I didn’t ask what the important thing was. I knew what your reply would be, and I didn’t want to hear it again. And now you want me to tell you some stories? No, I won’t tell stories, not today. Today I’m busy. Have pity on me; get up and release me, please release me. I’m tired.
I’m tired of everything. I’m tired of your sickness and of how sad you look, I’m tired of the baby’s round face suspended above your neck, I’m tired of praying for you.
Did you know that I pray?
My grandmother used to say that praying means laying down words like a carpet on the ground. I lay down my words so that you can walk on them.
Why don’t you get up?
ONCE UPON a time there was a baby.
No, you don’t like the story about Naji. You told me Naji was a dog because after everything Umm Hassan had done for him, he went off to America and left her poor and abandoned.
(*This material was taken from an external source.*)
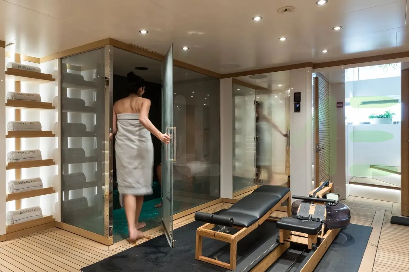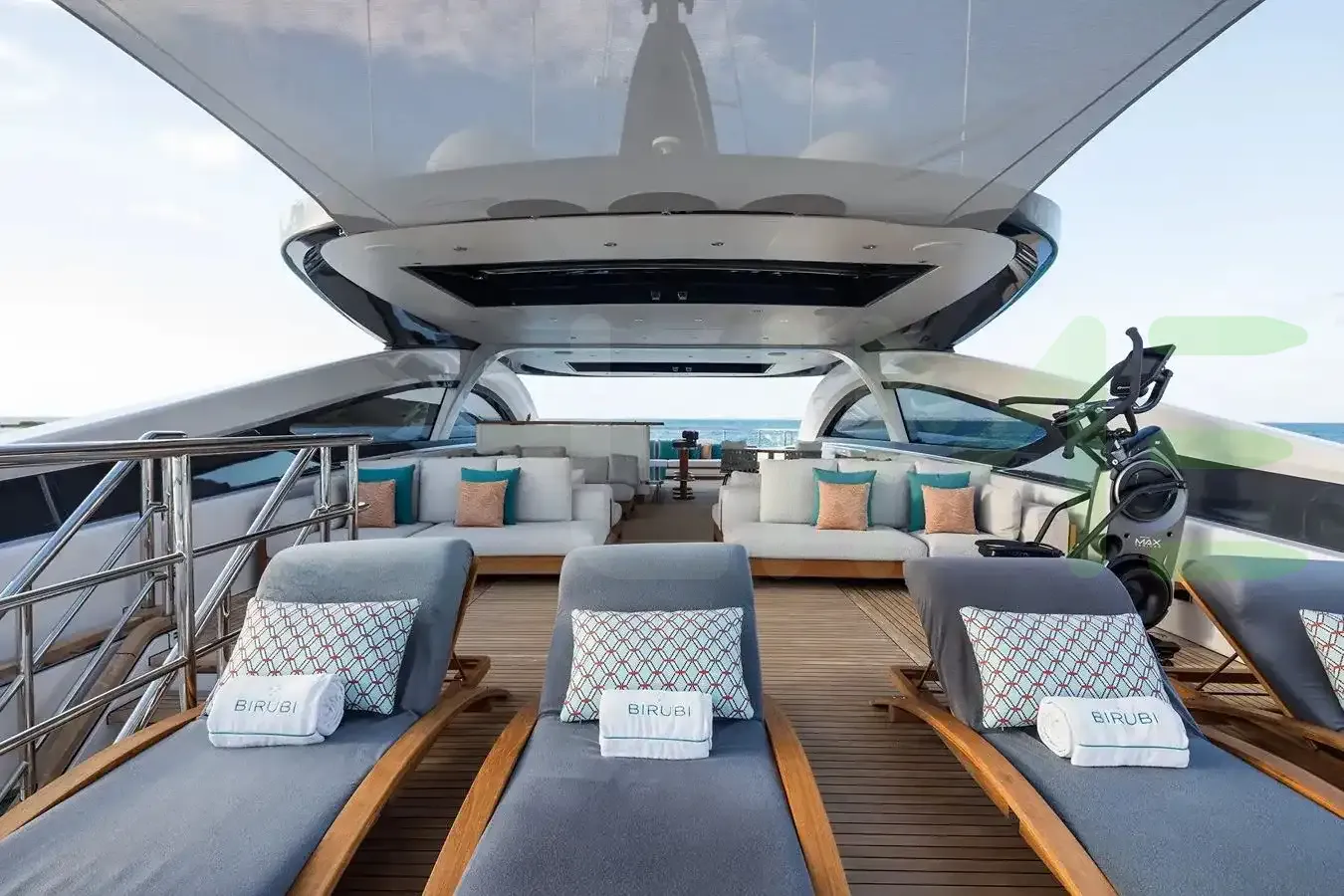 A charter on Birubi is comfortable and convenient thanks to the provided amenities including a sauna to help you detox and regenerate. Make your day truly exceptional at the beach club plus a gym with all the latest equipment is available for a good work out. Sit back with a glass of champagne in the deck jacuzzi.

I see a frown on your face and black spots in your closed eyes. Okay, we won’t start the story with Umm Hassan or Naji or America. I’ll tell you another one.
Back to the beginning.
Do you remember when you used to say, “Back to the beginning!” and would stamp your foot? Do you remember what you did after Abdel Nasser resigned in ’67? People gathered in the alleyways of the camp and wept; it was night, and humid, and they were like ghosts weeping in the darkness. You stood in their midst, spat on the ground, and said, “Back to the beginning!”
And after 1970, when you’d returned safely to the camp from the slaughter in the forests of Jerash and Ajloun,* you said to the woman who came to ask about her son, “Back to the beginning!” and left.